--- START ---

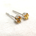 天然石シトリン・6本爪ポストピアス(ラウンド3mm)「14kgf(ホワイトゴールドフィルド)(ロジウム)」(10ペア)
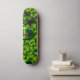 Ride with the luck of the Irish on the Saint Patty's skateboard this vibrant design features an adorable black cat dressed in a full dapper leprechaun suit complete with a green top hat and gold buckles set against a lush backdrop of cascading four leaf clovers and a giant green hat this deck is the perfect blend of festive fun and cool feline
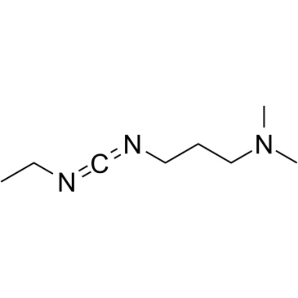 1-(3-ジメチルアミノプロピル)-3-エチルカルボジイミド (EDC) (CAS: 1892-57-5) は、生体共役化学において広く使用されているカルボジイミド カップリング剤です。 EDC は分子内のカルボキシル基を活性化し、カルボキシル基とアミン基の間のアミド結合の形成を促進します。
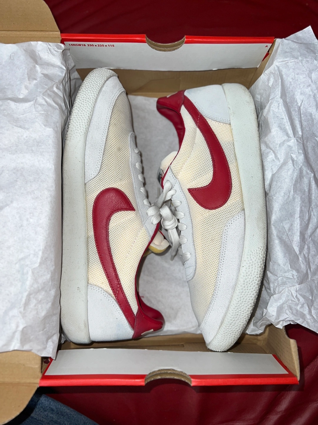 5Cream and red Nike Killshot 2 sneakers. New in box. Classic design. Comfortable and stylish.
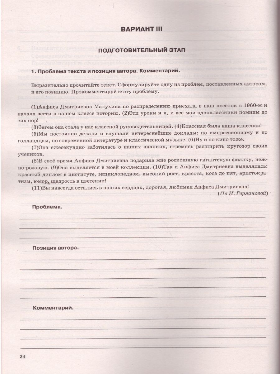 Практикум нацелен на самостоятельную интенсивную подготовку старшеклассников к написанию сочинения по прочитанному тексту в формате Единого государственного экзамена по русскому языку, а также на работу под руководством учителя. Книга содержит 10 вариантов работ, включающих подготовительные и тренировочные задания, которые обеспечивают обучение анализу готового текста и созданию на его основе собственного письменного высказывания. Пособие поможет организовать работу по овладению следующими умениями: формулировать и комментировать проблему прочитанного текста, выявлять и излагать позицию автора, делать вывод о соответствии приведённых высказываний содержанию текста, определять тип речи указанного фрагмента, называть средства связи предложений в тексте, указывать изобразительно-выразительные средства языка. В практикуме представлены ключи: ответы к заданиям, а также примерные развёрнутые ответы. Пособие будет полезно старшеклассникам с разным уровнем подготовки, а также учителям, так как даёт возможность организовать эффективную подготовку к ЕГЭ по русскому языку.Характеристики
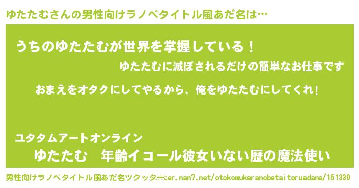 | ヒーロー風カッコイイあだ名 | 『正義の使者ゆたたむ』『ネオユタタム』 |
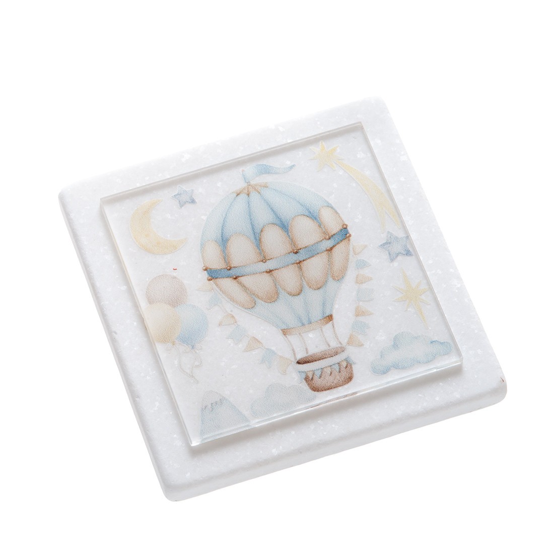Σουβέρ από λευκό μάρμαρο και διάφανο print plexiglass σε σχήμα τετράγωνο. Η παράσταση απεικονίζει το αερόστατο σε σιέλ αποχρώσεις.

--- END ---

Goal of the exercise → Please copy the data above exactly; the pictures do not belong in the copy.

Solution →
 天然石シトリン・6本爪ポストピアス(ラウンド3mm)「14kgf(ホワイトゴールドフィルド)(ロジウム)」(10ペア)
 Ride with the luck of the Irish on the Saint Patty's skateboard this vibrant design features an adorable black cat dressed in a full dapper leprechaun suit complete with a green top hat and gold buckles set against a lush backdrop of cascading four leaf clovers and a giant green hat this deck is the perfect blend of festive fun and cool feline
 1-(3-ジメチルアミノプロピル)-3-エチルカルボジイミド (EDC) (CAS: 1892-57-5) は、生体共役化学において広く使用されているカルボジイミド カップリング剤です。 EDC は分子内のカルボキシル基を活性化し、カルボキシル基とアミン基の間のアミド結合の形成を促進します。
 5Cream and red Nike Killshot 2 sneakers. New in box. Classic design. Comfortable and stylish.
 Практикум нацелен на самостоятельную интенсивную подготовку старшеклассников к написанию сочинения по прочитанному тексту в формате Единого государственного экзамена по русскому языку, а также на работу под руководством учителя. Книга содержит 10 вариантов работ, включающих подготовительные и тренировочные задания, которые обеспечивают обучение анализу готового текста и созданию на его основе собственного письменного высказывания. Пособие поможет организовать работу по овладению следующими умениями: формулировать и комментировать проблему прочитанного текста, выявлять и излагать позицию автора, делать вывод о соответствии приведённых высказываний содержанию текста, определять тип речи указанного фрагмента, называть средства связи предложений в тексте, указывать изобразительно-выразительные средства языка. В практикуме представлены ключи: ответы к заданиям, а также примерные развёрнутые ответы. Пособие будет полезно старшеклассникам с разным уровнем подготовки, а также учителям, так как даёт возможность организовать эффективную подготовку к ЕГЭ по русскому языку.Характеристики
 | ヒーロー風カッコイイあだ名 | 『正義の使者ゆたたむ』『ネオユタタム』 |
Σουβέρ από λευκό μάρμαρο και διάφανο print plexiglass σε σχήμα τετράγωνο. Η παράσταση απεικονίζει το αερόστατο σε σιέλ αποχρώσεις.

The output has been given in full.